Both Political Parties Talk About Post-Election Compromise


UPDATED: Thursday November 8, 2012 6:10 PM

The political landscape after the election looks a lot like it did before the election with a divided congress and no change in the White House.

It has people wondering if the parties will be able to come together.

“If you are the leader of a legislative group, you have to consider both sides of an issue,” said Jo Ann Davidson, former Ohio House Speaker.

Davidson said voters sent a message to lawmakers to debate the issues but prepare for compromise.

“You cannot solve problems when both sides come to the table and say ‘This is my position and I'm not giving an inch.’  Unfortunately, in today's world, too many people come in with that attitude,” said Davidson.

Davidson, along with senate minority leader Eric Kearney and Ohio Secretary of State Jon Husted, spoke about the election results at a post-election conference in Columbus.

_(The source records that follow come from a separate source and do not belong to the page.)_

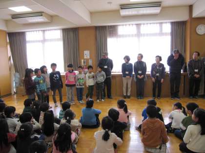 生活科の学習で「昔遊び」に取り組みました。コマ回しやメンコなどを地域の方と一緒に楽しみ,素敵な時間をすごすことができました。また待賢幼稚園の年長さんたちと活動したことも心に残りました。
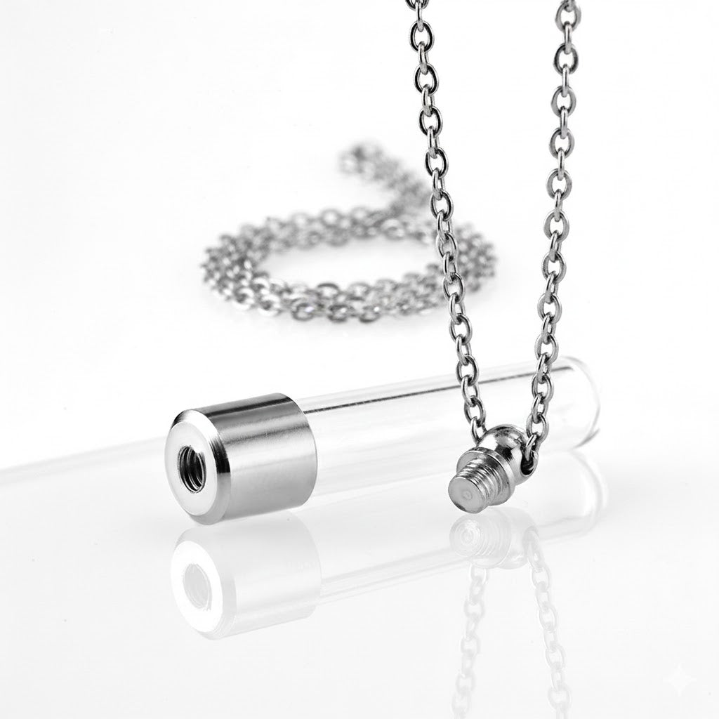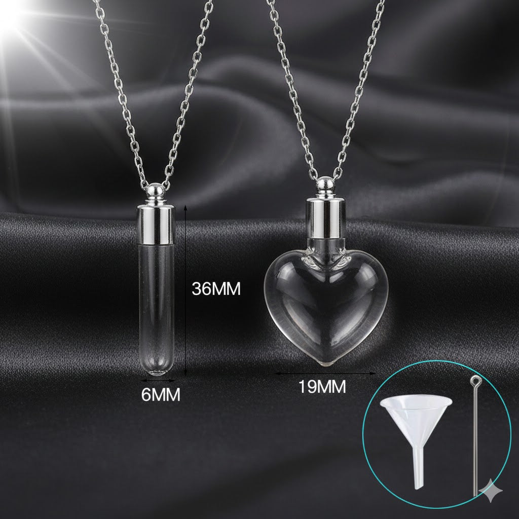 Acero Inoxidable (316L): Utilizado en el colgante de Corazón y en los marcos del vial. Es Hipoalergénico y ofrece Resistencia Extrema contra el óxido y la corrosión.
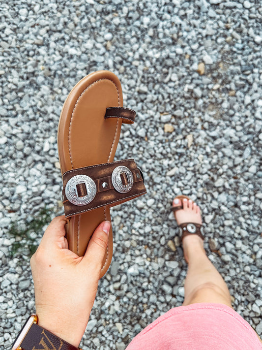 Sagebush Concho Leather Sandals in Brown
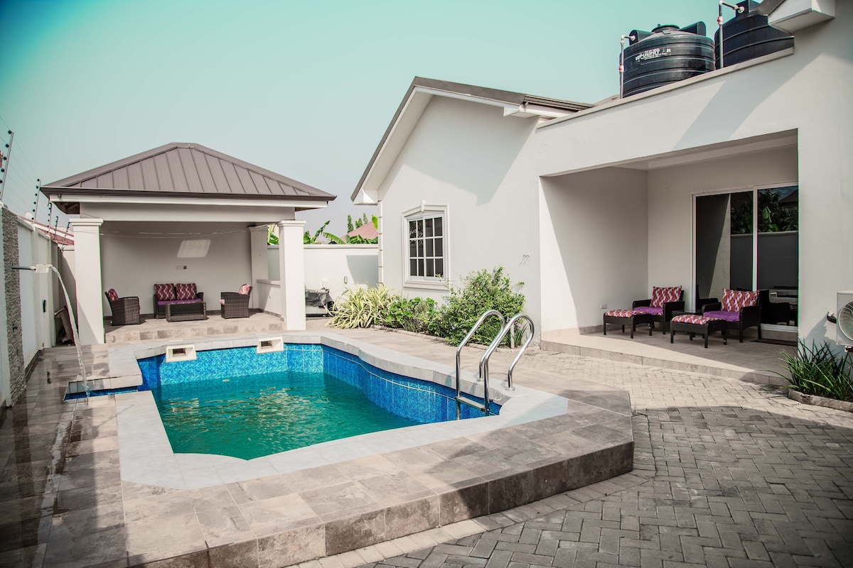 Welcome to a Unique Experience! If you're looking for a beautiful place with a touch of luxury something smart and stylish, complete with a stunning garden, pool, jacuzzi, and gym then look no further. This is the perfect spot for you! Our apartment is ideally situated, within reach of Accra's best attractions. We're just 25 minutes from Accra Mall, 10 minutes from Achimota Mall, and you can reach the beach in only 30 minutes. We are easily accessible from the airport, just 11 km away.

“I got a lot of questions from the national media about whether Ohio would be the next Florida.  Well, Florida is the next Florida.  Things ran great here in Ohio,” said Jon Husted, Secretary of State.

For Republican Husted, there have been compliments, and criticisms, aimed at his handling of the election.

“In terms of execution I think the secretary of state did a good job.  I think in terms of clarity, there's a lot of work to be done on the front end,” said Democrat Eric Kearney.

Kearney said the first test for bipartisanship will be soon as state lawmakers prepare for a lame-duck session.

Ohio activists are also looking for more cooperation.

“Many in the non-profit communities, we feel the same way.  Ohioans don't wake up and ask ‘Do we live in a red or blue state?’  They could care less,” said Jack Shaner, executive director of the Ohio Environmental Council.

It's a message Husted believes was heard by both parties.

“It's still about what the folks in the center want to see from their government that decides elections.  It's not the political left or political right,” said Husted.

The Impact Ohio conference is co-sponsored by the Ohio Republican Party and the Ohio Democratic Party, as well as other statewide organizations.